------ Extracted material ------

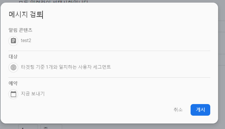 --> 테스트메시지는 날리지 않는다. 우선 push 기능 테스트가 목적이므로.
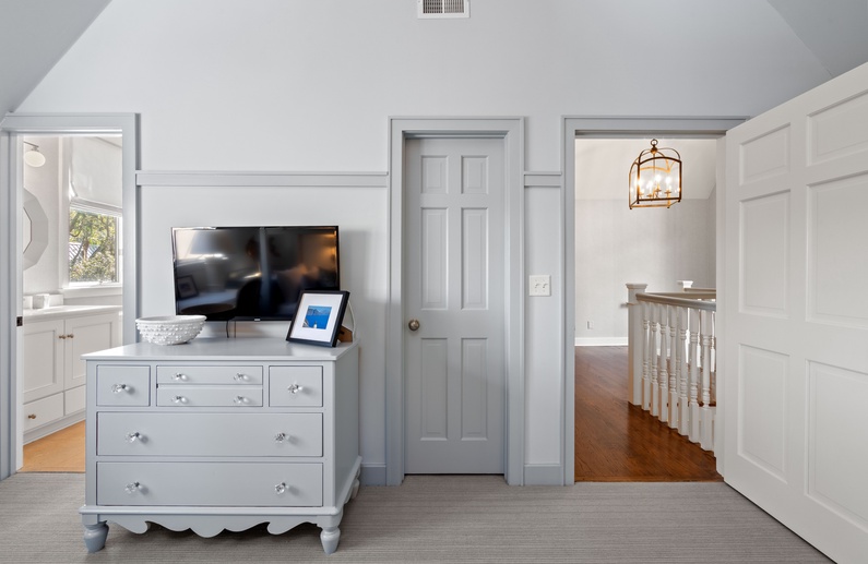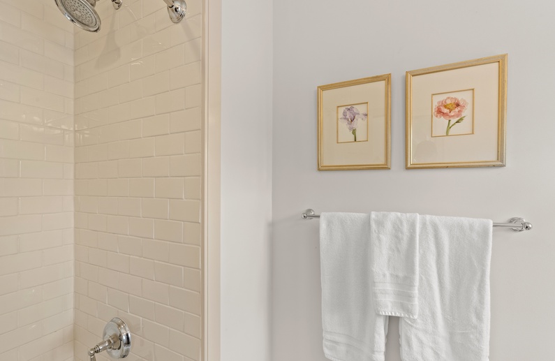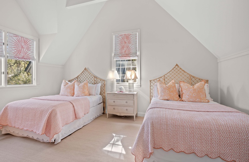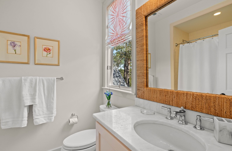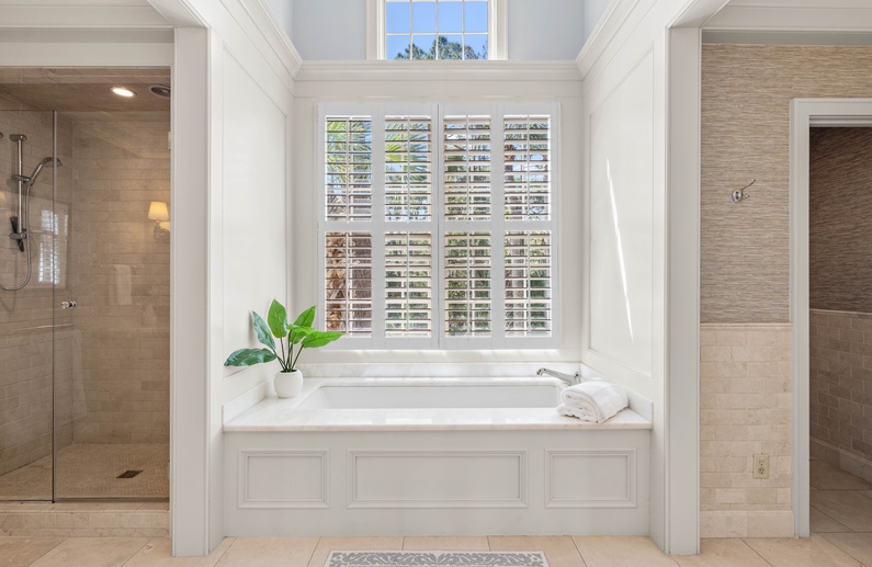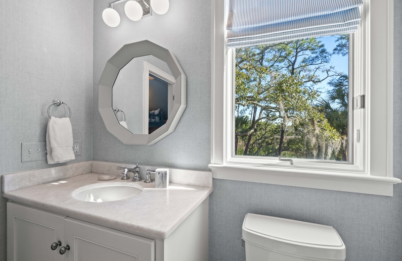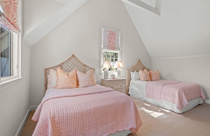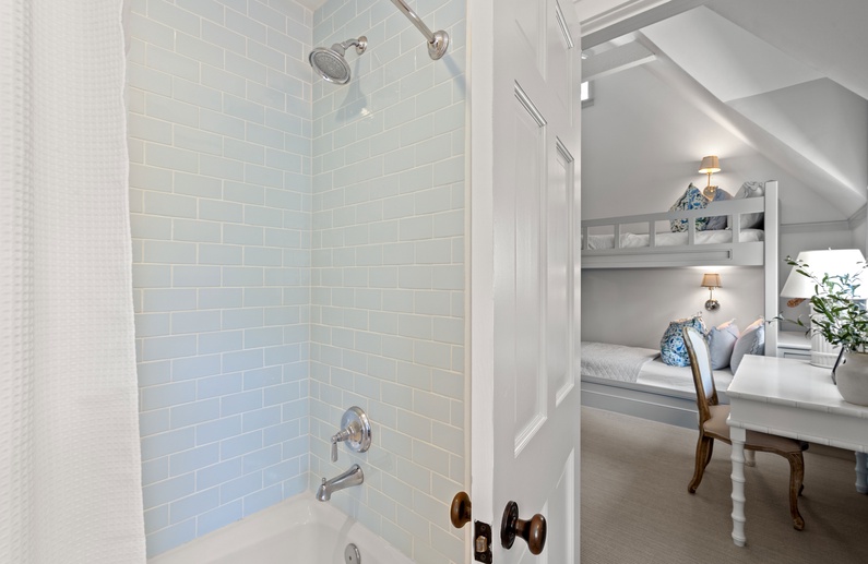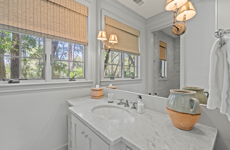 The first floor offers 3 bedrooms, including two suites. The first primary suite features a king bed, chaise lounge, flat-screen TV, private deck overlooking the marsh, and bathroom with two vanities, soaking tub, and shower. The secondary suite offers a king bed, two cozy chairs, wall-mounted flat-screen TV, access to the pool deck, and bathroom with shower. A queen bedroom features a flat-screen TV, access to the pool deck, and bathroom with shower/tub combination. The second floor offers two additional bedrooms. One bedroom offers 2 queen beds, flat-screen TV, and bathroom with shower/tub combination. The other bedroom features two sets of bunk beds (offering 4 twin beds), two cozy chairs for reading or watching the wall-mounted flat-screen TV, and a bathroom with shower/tub combination.
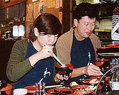 「さあ、喰うぞー!」 「なかなかうまいね」 「まだまだ!」
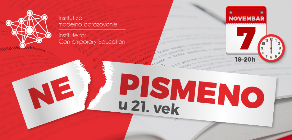U sredu, 7. novembra, u organizaciji Centra za karijerno vođenje Instituta za moderno obrazovanje, održaće se besplatna tribina pod nazivom „(Ne)Pismeno u 21. vek”. Tribina se održava od 18 do 20 časova u prostorijama Instituta za moderno obrazovanje u Beogradu (Beograđanka, Masarikova 5, ulaz iz Kralja Milana, IV sprat, velika konferencijska sala), a svi zainteresovani svoje prisustvo mogu obezbediti putem ovog linka.
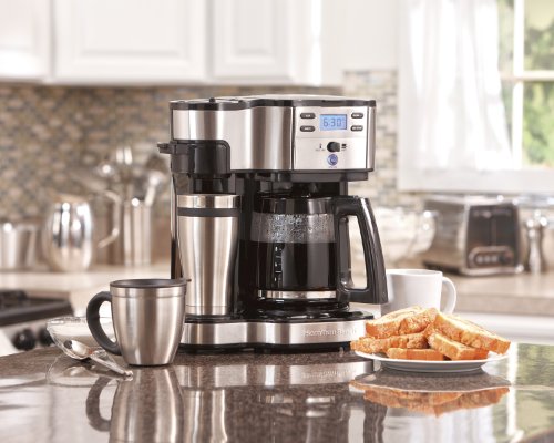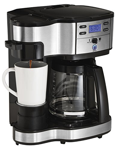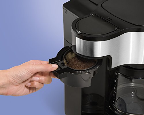 Two ways to brew -- single cup or full 12-cup glass carafe or 14-oz travel mug (not included). Not compatible for K cups Standard-size ''single-serve side'' water reservoir for easy, one-time filling ''Carafe-side'' water reservoir with extra-large capacity and measurement markings ''Single-serve side'' Brew Basket comes with a mesh filter to hold ground coffee or pre-packaged soft pods ''Single-serve side'' multilevel cup rest adjusts/stacks to fit all cup and mug sizes Pod holder snaps onto the single-serve brew basket to hold soft pods Brew strength selector for brewing REGULAR or BOLD preferred flavor/strength Control panel and display, with hour and minute buttons to program the brewing time up to 24 hours beforehand Equipped with programmable timer with 2-hour automatic shutoff

------

What the answer must hold: all the data above, given again exactly, without pictures.

Output of the task.
 --> 테스트메시지는 날리지 않는다. 우선 push 기능 테스트가 목적이므로.
 The first floor offers 3 bedrooms, including two suites. The first primary suite features a king bed, chaise lounge, flat-screen TV, private deck overlooking the marsh, and bathroom with two vanities, soaking tub, and shower. The secondary suite offers a king bed, two cozy chairs, wall-mounted flat-screen TV, access to the pool deck, and bathroom with shower. A queen bedroom features a flat-screen TV, access to the pool deck, and bathroom with shower/tub combination. The second floor offers two additional bedrooms. One bedroom offers 2 queen beds, flat-screen TV, and bathroom with shower/tub combination. The other bedroom features two sets of bunk beds (offering 4 twin beds), two cozy chairs for reading or watching the wall-mounted flat-screen TV, and a bathroom with shower/tub combination.
 「さあ、喰うぞー!」 「なかなかうまいね」 「まだまだ!」
U sredu, 7. novembra, u organizaciji Centra za karijerno vođenje Instituta za moderno obrazovanje, održaće se besplatna tribina pod nazivom „(Ne)Pismeno u 21. vek”. Tribina se održava od 18 do 20 časova u prostorijama Instituta za moderno obrazovanje u Beogradu (Beograđanka, Masarikova 5, ulaz iz Kralja Milana, IV sprat, velika konferencijska sala), a svi zainteresovani svoje prisustvo mogu obezbediti putem ovog linka.
 Two ways to brew -- single cup or full 12-cup glass carafe or 14-oz travel mug (not included). Not compatible for K cups Standard-size ''single-serve side'' water reservoir for easy, one-time filling ''Carafe-side'' water reservoir with extra-large capacity and measurement markings ''Single-serve side'' Brew Basket comes with a mesh filter to hold ground coffee or pre-packaged soft pods ''Single-serve side'' multilevel cup rest adjusts/stacks to fit all cup and mug sizes Pod holder snaps onto the single-serve brew basket to hold soft pods Brew strength selector for brewing REGULAR or BOLD preferred flavor/strength Control panel and display, with hour and minute buttons to program the brewing time up to 24 hours beforehand Equipped with programmable timer with 2-hour automatic shutoff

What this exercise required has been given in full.